The Czech government has moved to increase the minimum wage in the country to 12,200 crowns per month effective as of next year. This will meet the government’s goal of raising the minimum wage to at least 40 percent of the average salary.
The latest increase of the minimal wage by 1,200 crowns a month is the fourth in succession approved by the three-party government and despite initial reservations from the ANO party, the majority of government ministers voted in favour of the hike. Prime Minister Bohuslav Sobotka of the Social Democrats defended the increase on the argument that it will encourage people to find work rather than staying on the dole and on the grounds that economic conditions for such a move have never been better. The country has the lowest unemployment rate in the EU and steady economic growth that has surpassed expectations. Labour Minister Michaela Marksova pointed out that despite the stable economic growth, wages in the country are notably lagging behind wages in other EU states. Even the minimal wage – currently the equivalent of 421 euros – is lower than that in Slovakia (435 euros) or Poland (453 euros).
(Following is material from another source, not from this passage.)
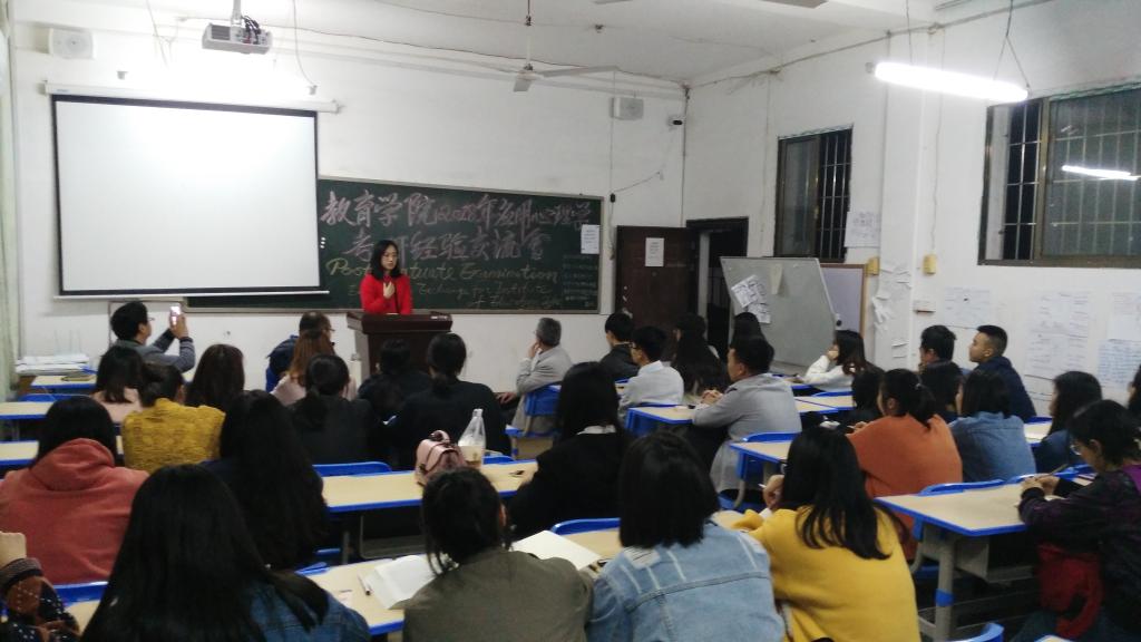 近日,教育学院各专业教研室先后召开2018年各专业学生考研经验交流会,学院领导、相关专业教研室主任和老师到场,组织各专业2014级考研成功录取的毕业生为低年级(主要是2015级学生)分享考研经验。考研录取学生汤子腾、兰勇龙、尹昱靓、谭甘露等就考研准备、学习方法、考试应对方法与技巧、考研与实习、毕业论文的关系、师生交流等方面分享了自己的心得体会并一一解答同学们的疑问。相关领导和老师就学生准确处理好考研与职业生涯规划的关系、合理定位和明确考研方向与层次等方面的问题为学生做了指导。

The goal of the present government was to reach a minimum wage of at least 40% of the average wage in the country. With the new raise, the minimum wage will be 40.5% of the average salary.
The hike will affect approximately 132,000 people who are currently working for a minimal wage. Most of them are employed in public services, security agencies and various sales outlets.
Not everyone is cheering the move. The opposition centre-right parties would have preferred for the government to lower taxes, while employers say the minimum wage hikes are unpredictable and clear rules for growth in this area would enable them to plan their expenditures better. They moreover argue that an 11 percent hike in the minimal wage does not correspond either to other wage hikes or the country’s economic growth. Whether some of them will lay off employees as a result of the move is as yet unclear.